*** Dataset content Section Begins ***

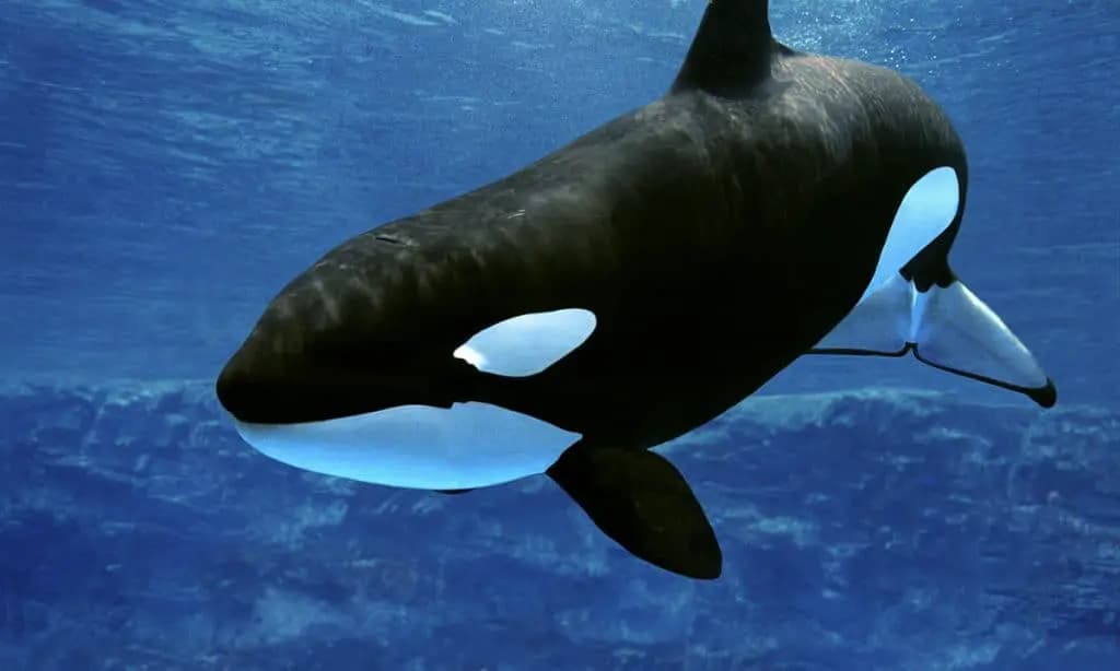 The orca Dalia came swimming by tremendously fast, causing Kevin and all the people watching to flinch. Then they all thought that the animal would swim past him. But right at the point where the special boy was standing, Dalia came to an abrupt stop. She turned in a full circle and face Kevin. The orca even opened her mouth and seemed to smile.
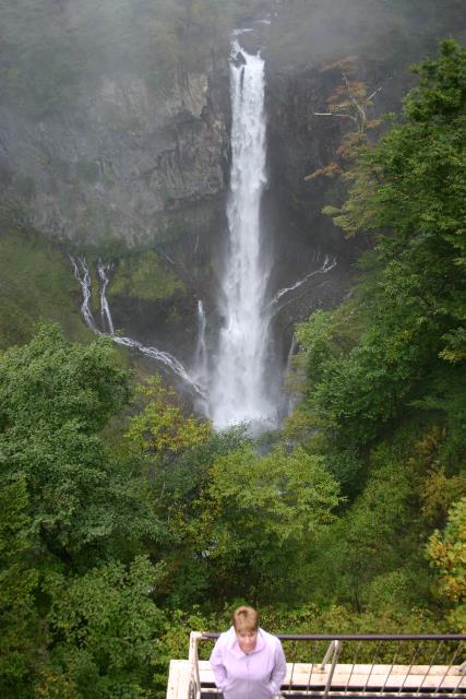 Looking down on Pam who is standing on the observation deck for viewing Kegon Falls.
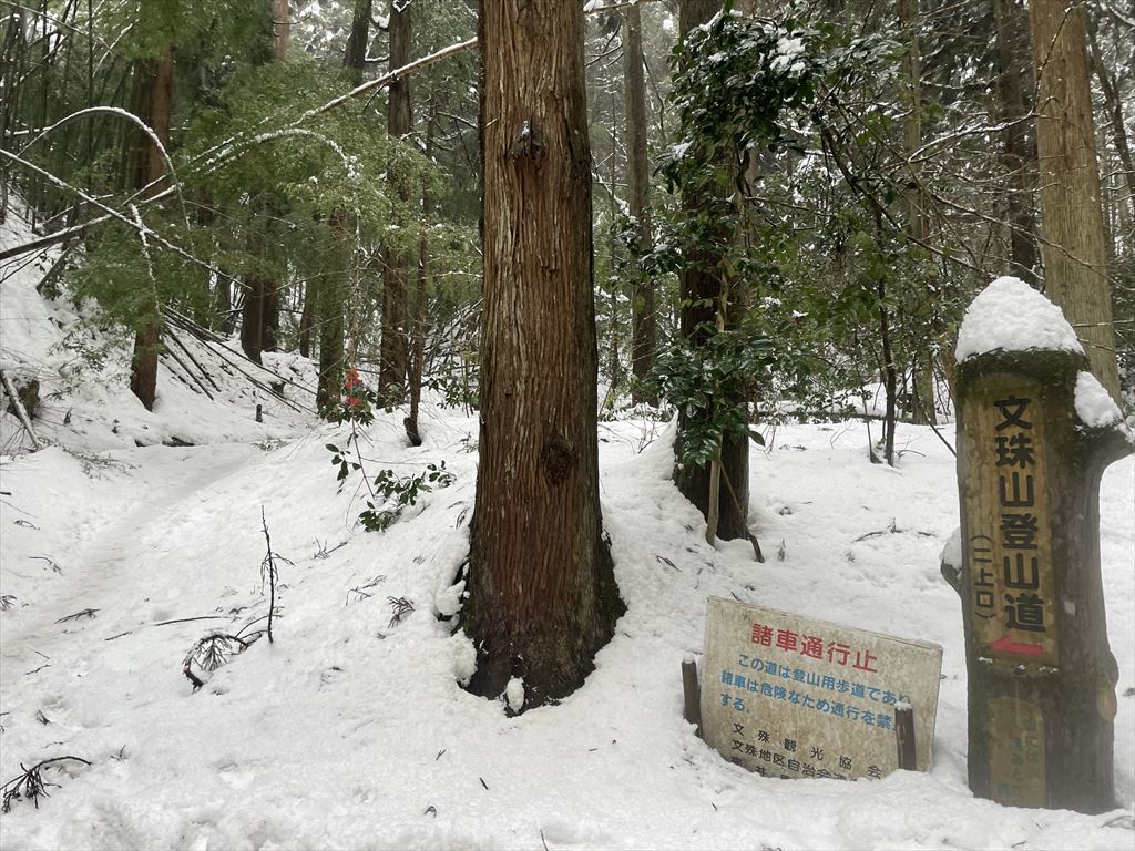 文殊山二上口を左のいつものルートへ。樹林帯なのと多くの人が歩くので少しずつ雪がすり減ってます

*** Dataset content Section Ends ***

Transcribe the span of lines that runs from the line with "Looking down on" to the end of the data, both ends included, exactly, with nothing else and no pictures.

## Exercise response
 Looking down on Pam who is standing on the observation deck for viewing Kegon Falls.
 文殊山二上口を左のいつものルートへ。樹林帯なのと多くの人が歩くので少しずつ雪がすり減ってます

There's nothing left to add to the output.